As COVID-19, which occurred at the end of 2019, has become a global pandemic, it has emerged as an unprecedented event that quickly destroys a nation's medical and healthcare system in both developed and developing countries. In the 21st century, most of the civil society that aimed for hyperconnected society is facing a new crisis that has not been experienced so far. Indeed, lack of personal protective equipment, isolation of clustered communities, disruption of medical systems necessary for diagnosis and treatment, and disruption of educational and economic activities due to social isolation are emerging. Since the COVID-19 has occurred, many of the difficulties that have occurred in the past six months indicate the basic infrastructure a society should have particularly in a pandemic.

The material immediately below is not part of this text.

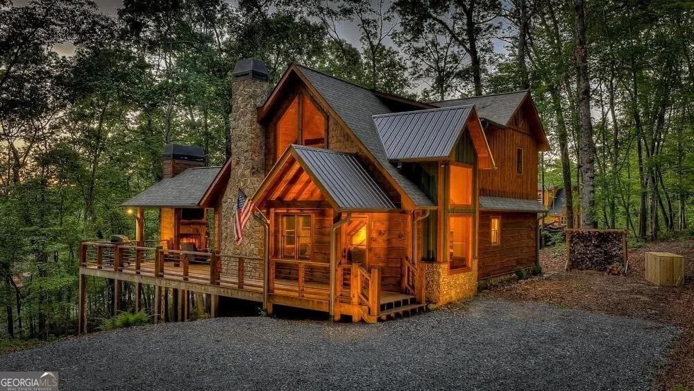 Nestled in a peaceful mountain community of Mineral Bluff, just 10 minutes from historic downtown Blue Ridge, this turnkey, charming cabin offers the perfect blend of cozy mountain character and generous space for entertaining. Featuring three bedrooms and three bathrooms, each level enjoys its own private bedroom and bath-ideal for hosting family, friends, or guests with ease. The interior is filled with a warm wood ambiance that creates a true cabin feel, while still offering an abundance of square footage designed for comfort and gathering. The stylish furnishings are included, making this a seamless, move-in-ready opportunity for full-time living, a second home, or immediate short-term rental use. The terrace level adds exceptional flexibility with its own mini kitchen, perfect for extended stays or guest privacy. Expansive decks invite you to enjoy the mountain air, complemented by both indoor and outdoor stone fireplaces that set the scene for cozy evenings year-round. Situated in a fully paved, low-maintenance subdivision, the minimal landscaping makes ownership easy and carefree. With a strong rental history already in place, this cabin is not only a peaceful retreat but also a proven investment in one of North Georgia's most sought-after mountain areas.

These include personal protective equipment (PPE), decontamination and quarantine tools essential for effective response, rapid and precise large-scale diagnosis, medical devices required for patient care, and identification and fast and wide on-line networks that can be used in social isolation. In this first part, we would like to introduce some representative examples of 1) personal protective equipment, 2) prevention of personal and community health, 3) social response through big data and networks within the framework of appropriate technology.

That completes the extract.